3115 Pico BoulevardSanta Monica CA 90405USA(23 July 2007)
I was in California for business travelling with some real wine buffs who insisted we go to Valentino’s not for the food but for the wine list. They where rights of course as the wine list is not so much a list as a book. The restaurant has over 200,000 bottles in its cellar and when they drop the wine list in your lap it is quite intimidating. If they have a wine, they also have all notable vintages of that wine, so it is not enough to know the producer you need to know the vintage. Similarly, if they have the region they have all the notable producers… I just found this confusing.

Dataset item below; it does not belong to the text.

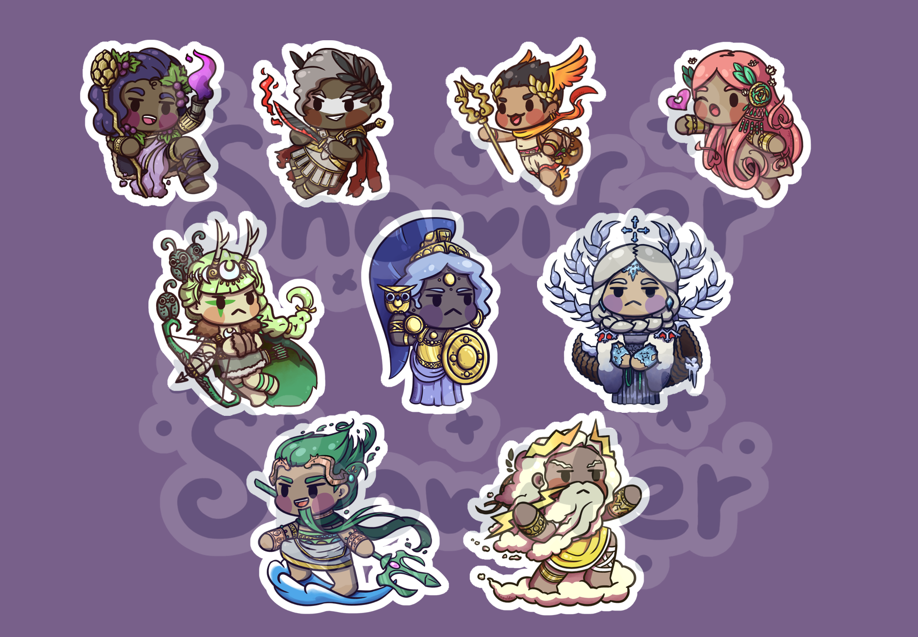 A chibi sticker bundle that includes all of the Olympic gods in Hades! Colors may vary slightly from the photos.

In the end I settled for a Hofstatter, Pinot Nero Riserva S.Urbano 2000 from Alte Adige and a Voerzio Barolo Cerequio 1996. Choose both because they where pretty reasonable value for money (in a pricey list) and because I know the producers. I hate taking pot shots on wine when I’m with business associates.
The food was pretty decent too! I had summer truffle risotto that was as good as any I’ve ever had. Actually, it was amongst the best I’ve had to be fair. I also had a steak, fillet mignon, with a Balsamic reduction sauce. The beef was really good and perfectly prepared but the sauce was a real disappointment that ruined the whole dish for me. Basically, balsamic vinegar is a very popular ingredient that people tend to use in inappropriate ways.